Consequently, Tricor saved more than 3,000 hours in payroll services in the first year and 7,000 hours in financial reporting services annually and continues to deliver cutting edge solutions for its clients. The company is confidently navigating through the challenges presented by the current COVID-19 pandemic, and, in the future, it looks to use automation across more business functions to ensure business continuity.
One of the reasons why organizations may be disjointed in how they respond to and manage a crisis is by not having facts to respond to the crisis immediately. This can be attributed to the fear of making the wrong call.
With established facts, though, companies can get to the heart of the matter quickly and operationalize to understand, prioritize, and address the crisis. This not only builds confidence with stakeholders but also allows management to take control of the situation. Information is power and forms the basis for an effective and credible response.
At the heart of any crisis response are three main participants: the public relations and communications team, the legal and regulatory teams, and the operational response team.

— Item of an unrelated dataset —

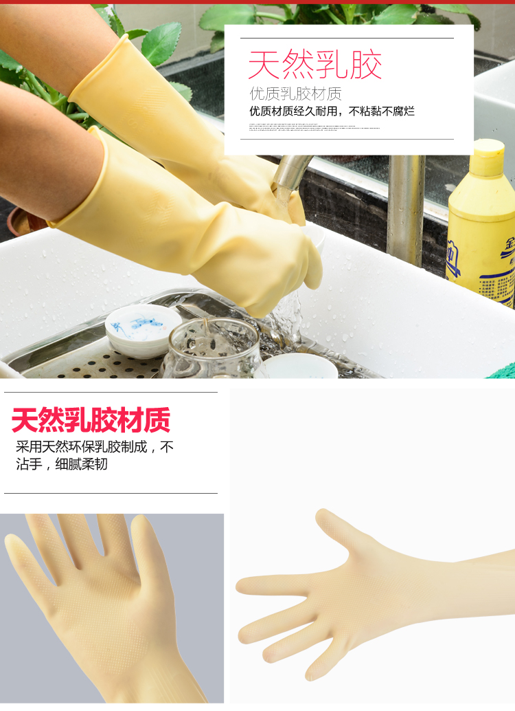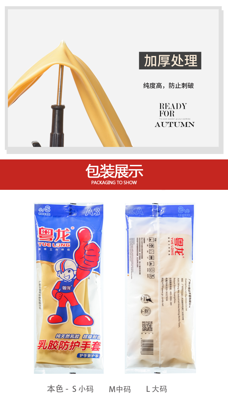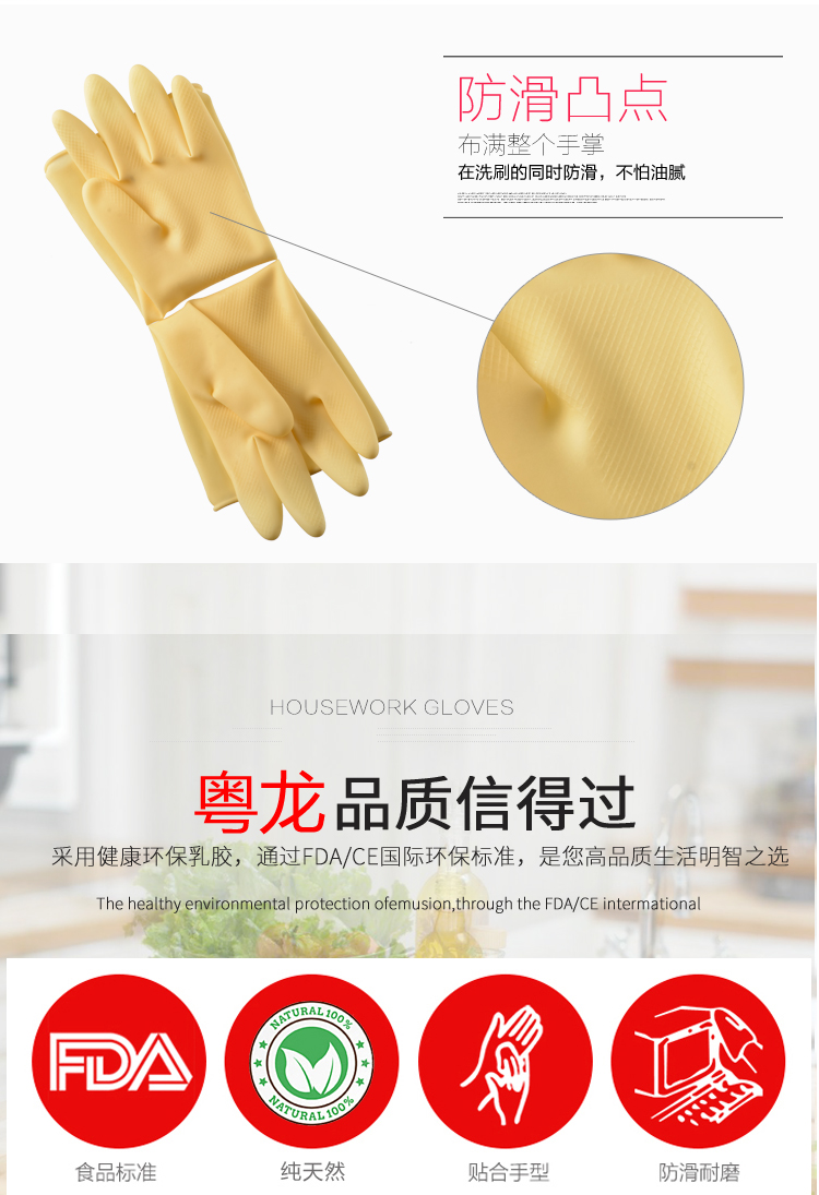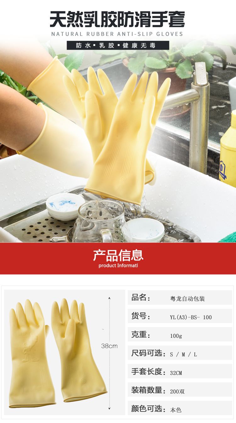 粤龙 A3新款 日用防护家务清洁防水洗碗耐用乳胶手套;

The communications and PR teams develop and deliver the company’s messaging internally and externally. Legal and regulatory teams understand the risk exposures and advise on the appropriate responses. The operational response team comprises different experts and professionals who do everything else from establishing the facts for the other two teams.
All three participants must work in sync at any given time, though it’s not easy to achieve this close orchestration because they’re often used to working in separate silos. The best way to ensure they work together is by including all three in the crisis response plan.
If a business is to emerge stronger, it’s imperative to add this final element: Learning from the crisis and acting on the learning to ensure a better response next time. However, it doesn’t always come naturally to learn from past crises, as companies may feel that it’s easier to forget the whole experience and not bring it up again.
To mitigate this, companies need to learn lessons about the root causes of the crisis and how they can respond and act differently and see how to respond more effectively in the future.
Businesses that create and implement event-driven transformation strategies and identify and capitalize on the lessons learned before, during, and after crises will emerge stronger, sooner, and more resilient.